Others have spoken to the question of the age of consent. I note that there will be a review of it. The Minister mentioned that this would be within three years. Perhaps the Minister can outline in his response what the process is likely to be around that review. Different ages have been set across different EU states. I believe we will be in a position to look at best practice and what the consequences may have been, whether direct or inadvertent, of setting the age differently in different EU states. Perhaps the Minister could indicate the process of that review here and how we plan to draw on the experience elsewhere.
I want to address one thing that for me is far more significant than the question of the age of consent. The issue was originally highlighted by myself and Senator Ruane. It relates to the profiling of children and micro-targeting of children. I commend those in the Dáil who worked to ensure that amendments were inserted to address this issue. The phrasing proposed by Deputy Donnchadh Ó Laoghaire is reflected in amendment No. 24 and it is important. Amendment No. 24 states:
It shall be an offence under this Act for any company or corporate body to process the personal data of a child as defined by section 29 for the purposes of direct marketing, profiling or micro-targeting. Such an offence shall be punishable by an administrative fine under section 139.”.
I note amendment No. 28 is similar and reflects this view as well.
I was a little concerned when the Minister mentioned that there may be a delay in the commencement of certain provisions in the Act. I am keen to ensure we do not overly delay the commencement of the important amendments around micro-targeting and profiling of children. I believe they are positive amendments. They strengthen the Bill and represent good practice. They are compatible with the GDPR.
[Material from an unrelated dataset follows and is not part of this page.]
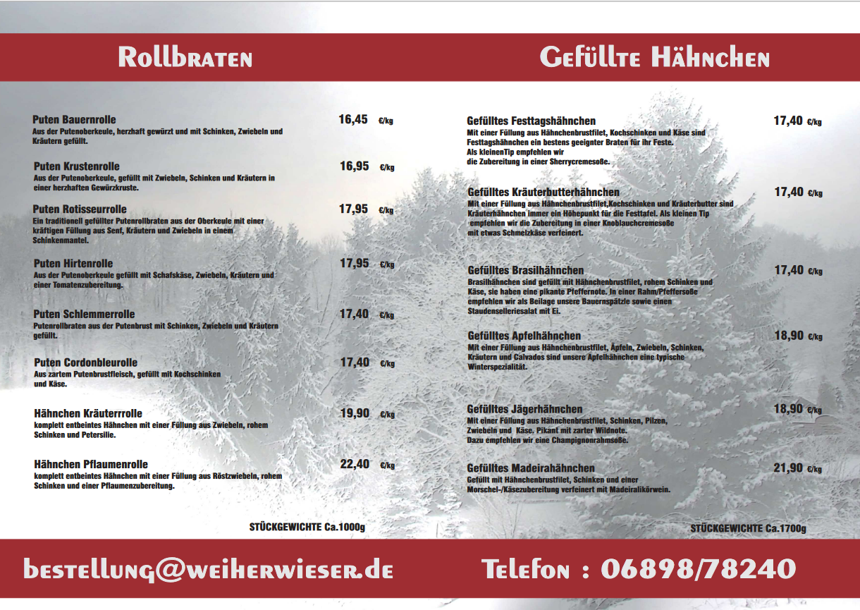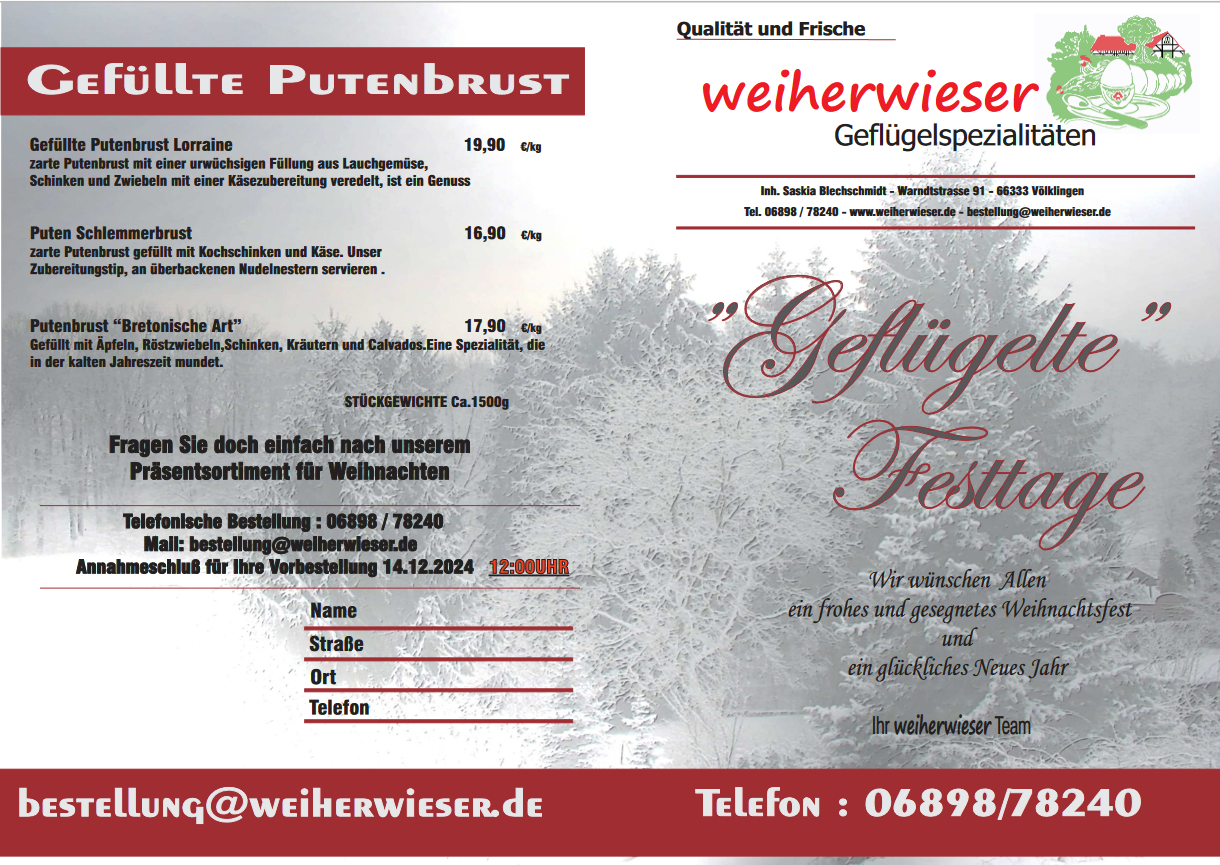 Unsere Angebote für die " Geflügelten Festtage" reichen von gefüllten Hähnchen, Putenrollbraten bis hin zur gefüllten Putenbrust. Annahmeschluss der Vorbestellungen ist der 14.12.2024 um 12:00 Uhr.

Article 22 of the GDPR addresses the question of automated decision making, that is, decision making that may be facilitated by profiling and micro-targeting. Article 6 also has relevance here. Crucially, the intention of the GDPR is made clear in the recitals. Recital 71 specifically says that automated decision making, including profiling that has significant effects, should not apply to children. Recital 38 states:
Children merit specific protection with regard to their personal data, as they may be less aware of the risks, consequences and safeguards concerned and their rights in relation to the processing of personal data. Such specific protection should, in particular, apply to the use of personal data of children for the purposes of marketing or creating personality or user profiles and the collection of personal data with regard to children when using services offered directly to a child.
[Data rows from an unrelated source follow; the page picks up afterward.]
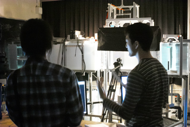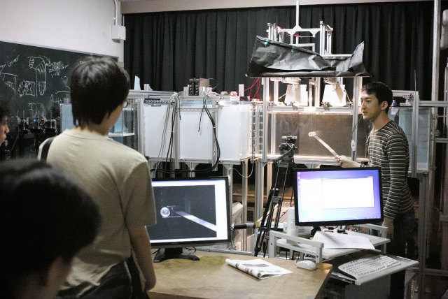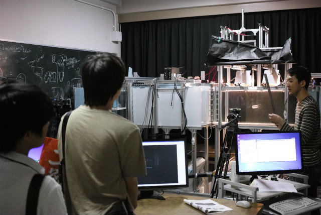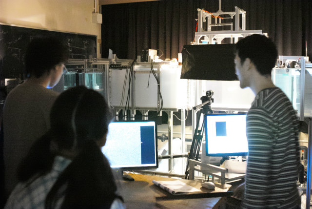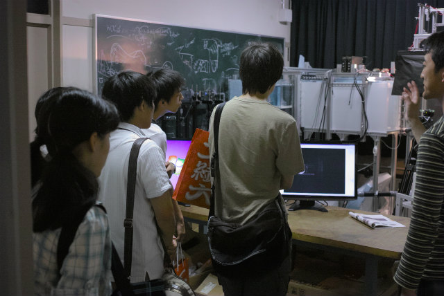 去年は村田先生と助教の人で2室公開でしたが、村田先生が学科のオープンキャンパス取りまとめのため助教の人のみ公開になりました。PIV計測の実演です。特に2日目に台風接近でしたが、結局2日間の総数で昨年より多い参加人数となりました。ありがたいことに年々確実に増えています。撮影は主にShogo。 |
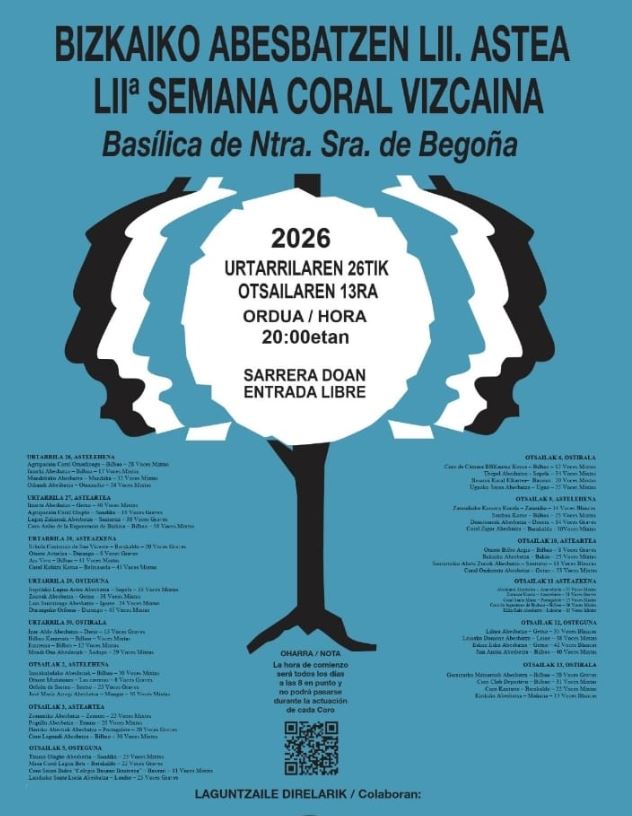 Basílica de Ntra. Sra. de Begoña (Bilbao) Virgen de Begoña 38, Bilbao, Bizkaia, EspañaCORALES PARTICIPANTES Garaizarko Matsorriak Abesbatza (Begoña) - Voces graves. Coro Club Deportivo (Bilbao) - Voces mixtas. Coro Kantarte (Barakaldo) - Voces mixtas. Kirikiño Abesbatza (Mañaria) - Voces blancas. PROGRAMA COMPLETO 👈
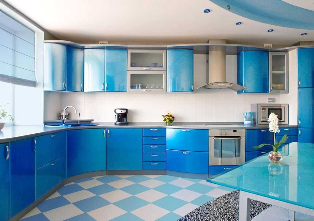 Стиль интерьера модерн в бело-голубой кухнеИсточник kazan.hausdorf.ru
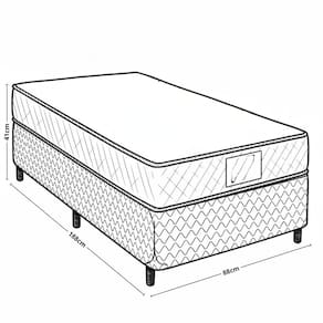 Caracteristicas: Camada de espuma cilindrica laminada D20 Estrutura colchao espuma D28 Estrutura base em madeira de reflorestamento Pes em madeira 12cm Peso maximo suportado 90kg Pillow/Euro One face Matelasse em tecido plano Revestimento lateral e superior em tecido plano Selo Inmetro 008900/2024 Tampo base em TNT 50gr/m
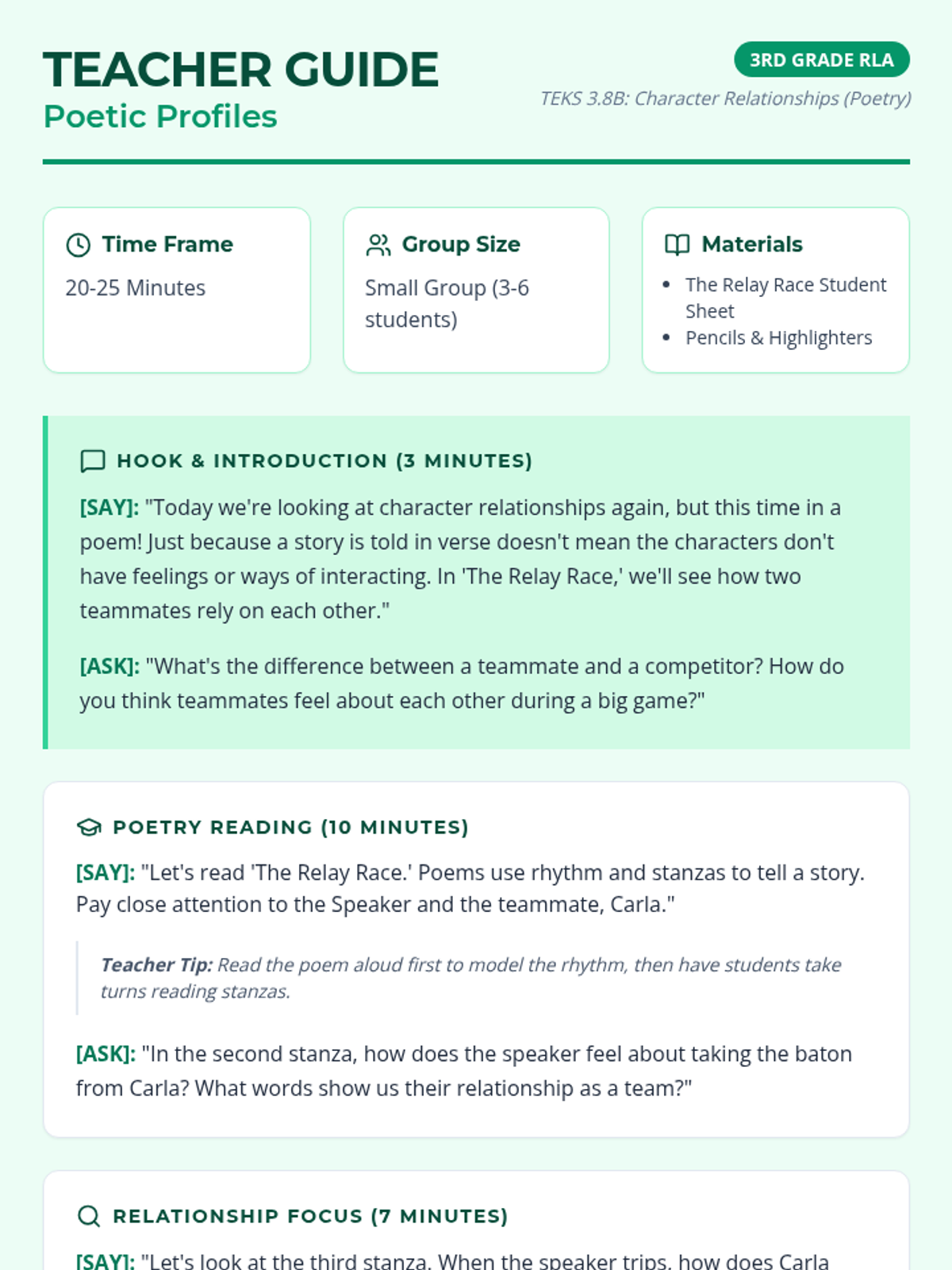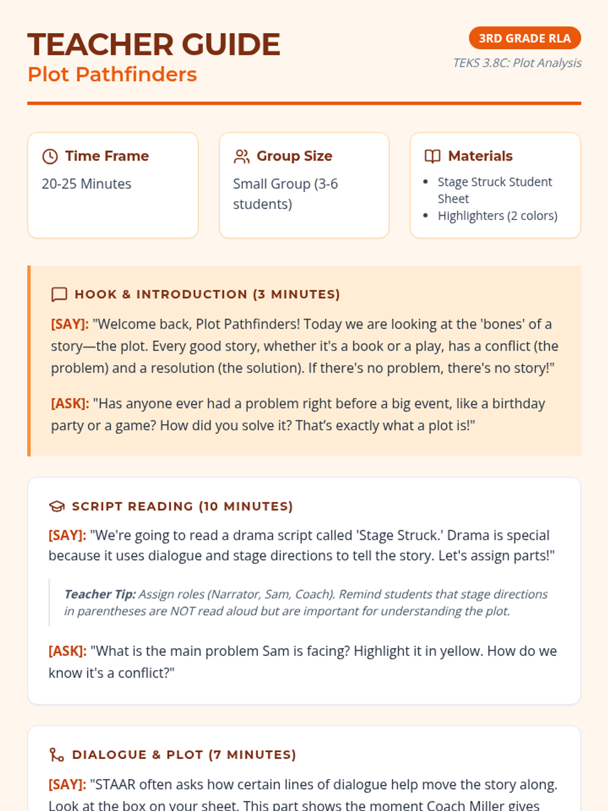 A focused RLA sequence for 3rd grade students to master character relationships and plot elements through rigorous short texts and STAAR-aligned analysis.

The definition of a child in all these provisions is set out in section 29 and applies to a child of 18 years or under. None of the protections under the GDPR is in any way diluted by the age of consent or by the fact that a child may have given consent with regard to a service or participating online.
I believe these are excellent amendments. I believe they are absolutely in tune with the letter and interpretive recitals of the GDPR. I call on the Minister to assure me that there will be no undue delay in the commencement of these sections. I heard that and I want the matter clarified because I would be very concerned if that was the case.
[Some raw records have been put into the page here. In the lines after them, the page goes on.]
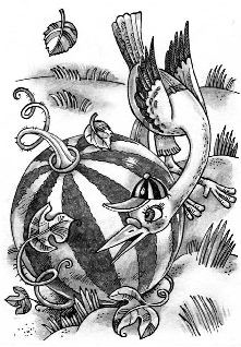 — Спасибо! Я сам справлюсь, — ответил Аист и вытер пот со лба. Сдвинув тяжёлый арбуз, он устал. В горле у него пересохло и так захотелось пить. «Что же делать? — подумал аист, — может, попробовать арбуз?» — и он, не удержавшись, стукнул по нему клювом.
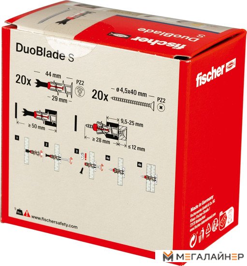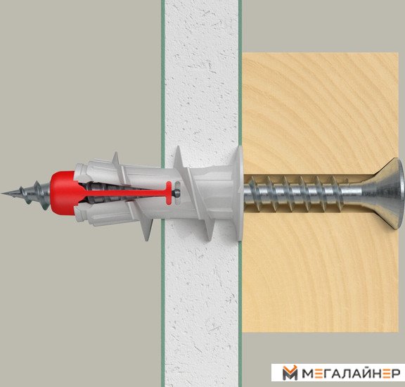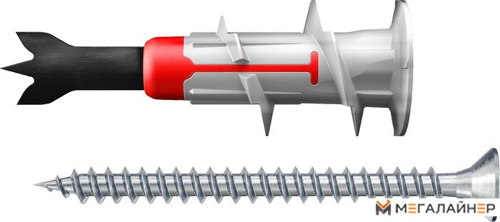 | Информация | ? Простой и быстрый монтаж самозасверливающегося дюбеля для гипсокартона. ? Центрирующий наконечник для точного позиционирования дюбеля. ? Антиротационные ребра предотвращают проворачивание дюбеля в отверстии. ? Шлиц PZ 2 - один и тот же шлиц для дюбеля и шурупа. ?? Оптимальная фиксация при применении подходящего шурупа для ДСП. |
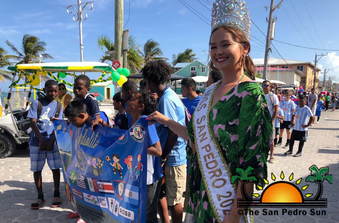 The tournament started with a short parade through downtown San Pedro with Miss San Pedro 2022-2023 Faith Edgar leading the march with the participating teams. The parade included decorated golf carts and colorful posters. Proud parents accompanied their children as they marched in the respective uniforms of their favorite teams.
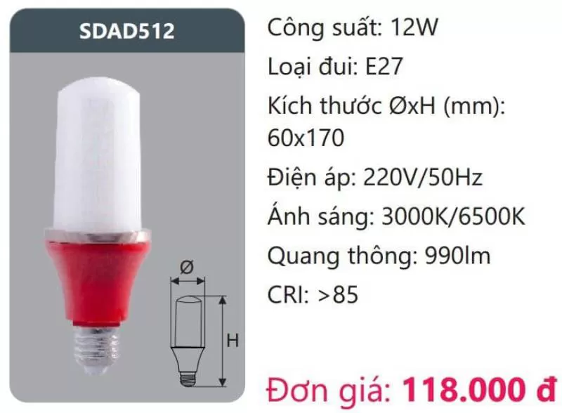 Bóng LED SDAD512 Công suất: 12W Loại đui: E27 Kích thước ØxH (mm): 60 x 170 Điện áp: 220V/50Hz Ánh sáng: 3000K/6500K Quang thông: 990lm CRI: >85 Xem thêm bảng giá Full: https://skyled.com.vn/bang-gia-den-duhal-moi-nhat/

This will make a real difference at a concrete level. This is the difference between a young person, whether 17 years or 13 years of age, being online and being subject to aggressive marketing. Examples include lip fillers being sent to 17 year olds or young people having messages targeted at them that may play on the particular vulnerabilities or insecurities of young people. The same applies to exploitative marketing. I call on the Minister to outline the plan for commencing the provisions.
My final point on the section relates to the code of conduct. I welcome and recognise the importance of the code of conduct that the Minister has indicated will be introduced in respect of the protection of children. Will the Minister indicate specifically with regard to the question of age verification that arises in these situations, whether for those aged 13 years or those aged 16 years, if there are proper guidelines around the age verification process? The idea is to avoid a situation whereby national identification papers, data that is effectively or potentially linked to the public service identity set or biometric data are not inappropriately sought, kept or stored by private companies. I am not asking the Minister to tease out all of this today. However, he might indicate if he believes that within the code of conduct there will be scope to ensure we have process to ensure we do not have inappropriate leakage of public or State data. The same applies to data of individuals that is shared with the State. It should not be overly captured by private company actors.